SDSU Embarks on $5M COVID-19 Testing Effort to Curb Disparities
Researchers on the NIH-funded project aim to test 42,000 people in underserved communities and head off outbreaks.
“We are laying the groundwork for a successful coronavirus vaccine rollout, building thoughtful and sustainable ways to reach vulnerable people.”
Many months into the COVID-19 pandemic, it is clear the disease doesn’t affect everyone equally.
In San Diego, Latinx residents are three times more likely than white residents to become infected with the disease, and they account for 61% of local hospitalizations, according to county figures.
San Diego State University researchers are working to curb these disparities and improve outcomes for underserved communities who may have barriers to accessing health care.
As a part of a $5 million grant from the National Institutes of Health (NIH), public health faculty will partner with community organizations to deploy rapid COVID-19 testing throughout the San Diego region. The effort, dubbed “Communities Fighting COVID!,” aims to test 42,000 people in 14 months.
“This has real potential to mitigate the pandemic here in San Diego and greatly reduce health disparities and poor outcomes,” said Interim Vice President for Research and Innovation Hala Madanat, one of the project’s leaders. “We are laying the groundwork for a successful coronavirus vaccine rollout, building thoughtful and sustainable ways to reach vulnerable people.”
The project comes shortly after a separate $3 million award from the County of San Diego Health and Human Services Agency commissioning SDSU researchers to develop and deploy a rigorous contact tracing program targeting underserved communities.
At the center of both grants are community health workers, culturally sensitive individuals who connect people with resources and reduce barriers to health care. Dozens such workers are deployed as part of SDSU’s existing work with the county and will be leveraged and increased to bolster COVID-19 testing.
The team will use geospatial data on new infections and testing access, along with community input, to decide where to prioritize community-based testing locations. Pop-up testing sites in San Diego neighborhoods may include settings like church parking lots and food distribution sites.
Public Health researchers Madanat, Susan Kiene, Eyal Oren and a team of seven co-investigators are leading the project, partnering with nine community organizations they’ve developed relationships with over years — and in some cases decades — of collaboration.
Investigators plan to continually improve testing implementation as the project progresses using a novel community-led rapid cycle research process, in which a team of community partners identifies, evaluates and refines testing and outreach strategies throughout the course of the project.
“Applying the lessons learned from other health crises — like the global HIV epidemic — to our approach with community-based rapid COVID testing can help guide our efforts to ensure access to COVID testing for those most affected, ultimately reducing disparities in disease and deaths,” said Kiene.
The coalition’s goal is to reach people of color and immigrant communities who have challenges accessing existing COVID-19 testing, due to transportation, language barriers, work schedules or lack of perceived risk.
"I am excited to bring mobile COVID-19 testing to communities of color who are disproportionately affected by SARS-CoV-2,” said Suzanne Afflalo, a community co-investigator on the project and health equity advocate. “The mobile test sites will provide direct community engagement which will increase access to testing and eliminate some of the barriers for our most vulnerable, high risk and under-served populations.”
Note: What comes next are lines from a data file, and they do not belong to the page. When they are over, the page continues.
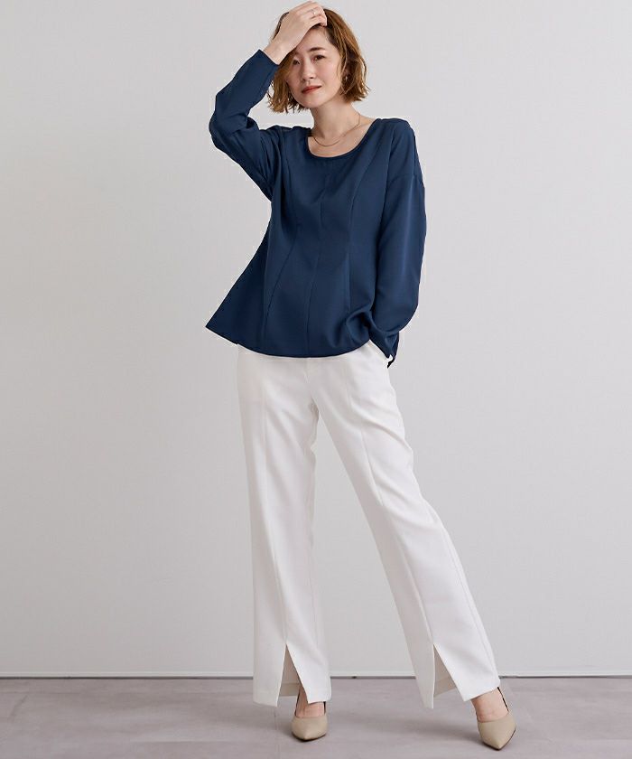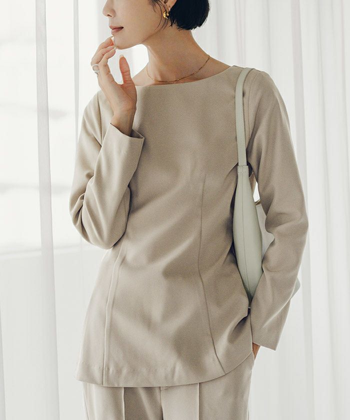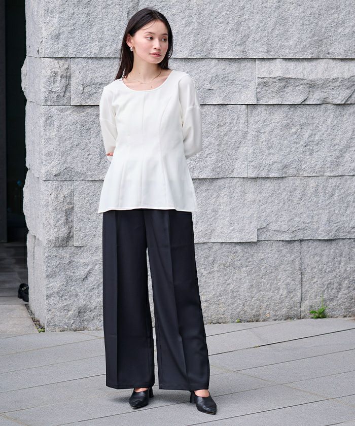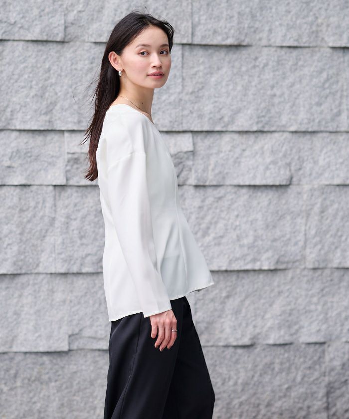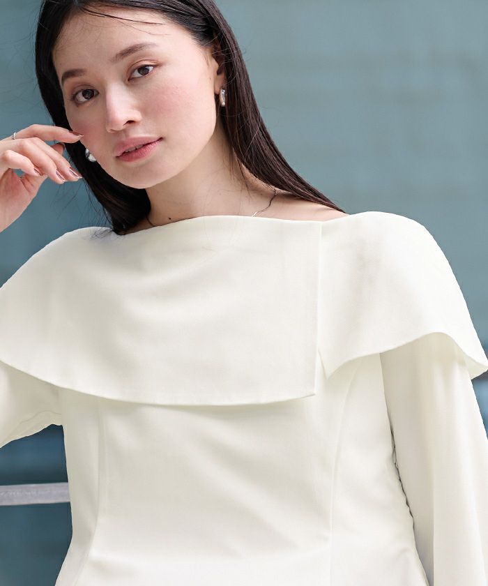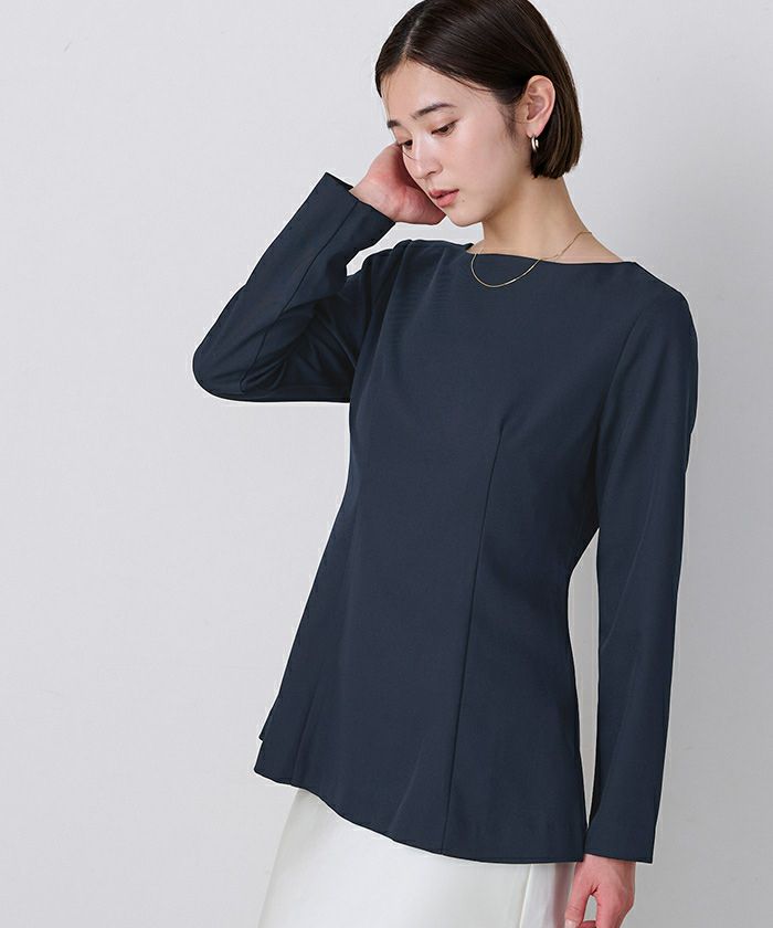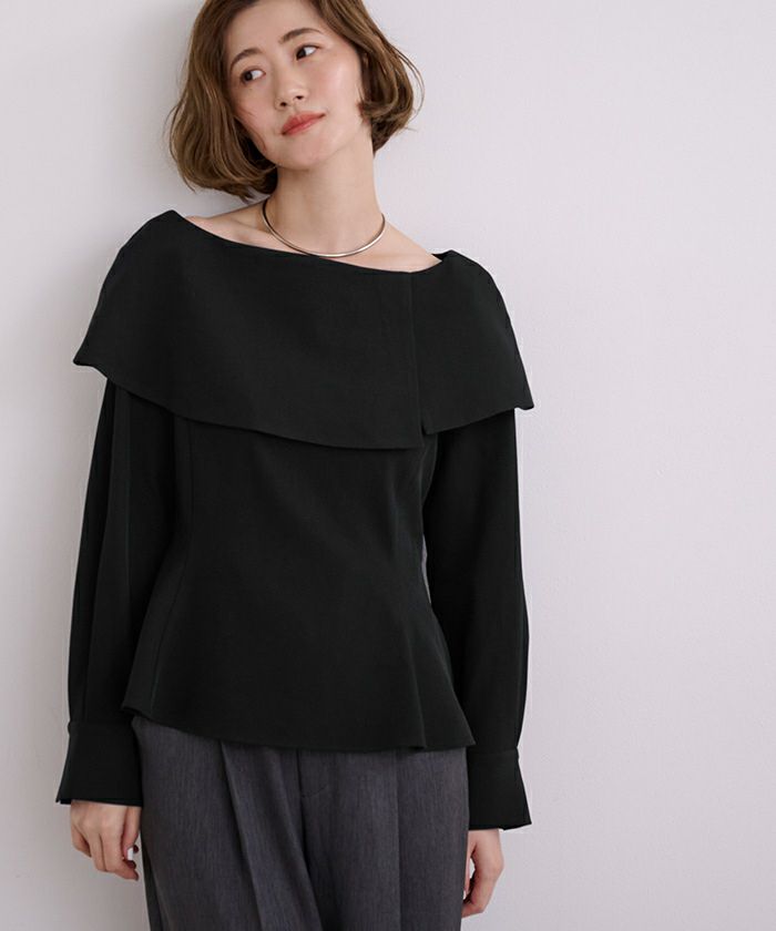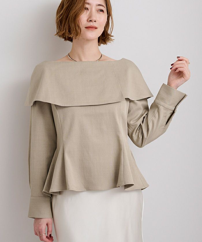 □【小林有里さんコラボアイテム】【期間限定★SALE】 ボートネックペプラムブラウス
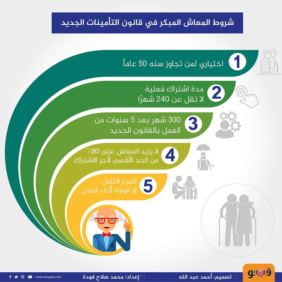 شروط المعاش المبكر في قانون التأمينات الجديد | إنفوجراف
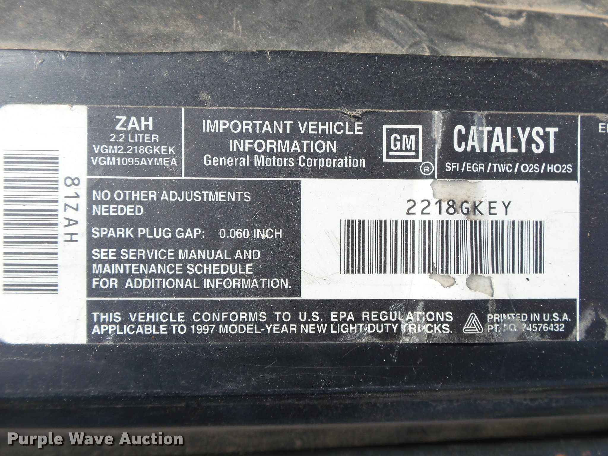 Purple Wave is selling a used Compact Pickup or Van in Missouri. This item is a 1997 Chevrolet S10 Ext. Cab pickup truck with the following: 173,933 miles on odometer, 2.2L L4 OHV 8V gas engine, Five speed manual transmission, AC and heat, Tilt, Cruise, AM/FM, Power windows, locks, and mirrors, Cloth interior, 205/70R15 tires

Researchers are focusing on individuals who are at high risk of exposure, such as essential workers, and those who have been exposed but may not have symptoms. They want to test individuals proactively, flagging asymptomatic spreaders as a way to prevent outbreaks.
Participants who test positive will be encouraged to refer recent contacts, as well as friends and family with high exposure risk, to the free testing program.
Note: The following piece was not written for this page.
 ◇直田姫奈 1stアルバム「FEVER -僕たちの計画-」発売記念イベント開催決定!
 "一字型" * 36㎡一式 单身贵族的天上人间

The community-based testing will use the Sofia® SARS Antigen FIA rapid point-of-care antigen tests from San Diego-based Quidel, which have demonstrated a high degree of agreement with laboratory testing and return results in just 15 minutes. Those with positive results will receive a second test, processed in a lab, to confirm diagnosis.
The grant is part of NIH’s Rapid Acceleration of Diagnostics Underserved Populations (RADx UP) Initiative, a national effort to better understand COVID-19 testing patterns among underserved and vulnerable populations; strengthen the data on disparities in infection rates, disease progression and outcomes; and develop strategies to reduce the disparities in COVID-19 testing.
SDSU is one of 32 institutions to receive an NIH award through the RADx-UP initiative to support projects designed to rapidly implement COVID-19 testing strategies in populations disproportionately affected by the pandemic.
“It is critical that all Americans have access to rapid, accurate diagnostics for COVID-19, especially underserved and vulnerable populations who are bearing the brunt of this disease,” said NIH Director Francis Collins.
“The RADx-UP initiative will help us better understand and alleviate the barriers to testing for those most vulnerable and reduce the burden of this disease on all Americans.”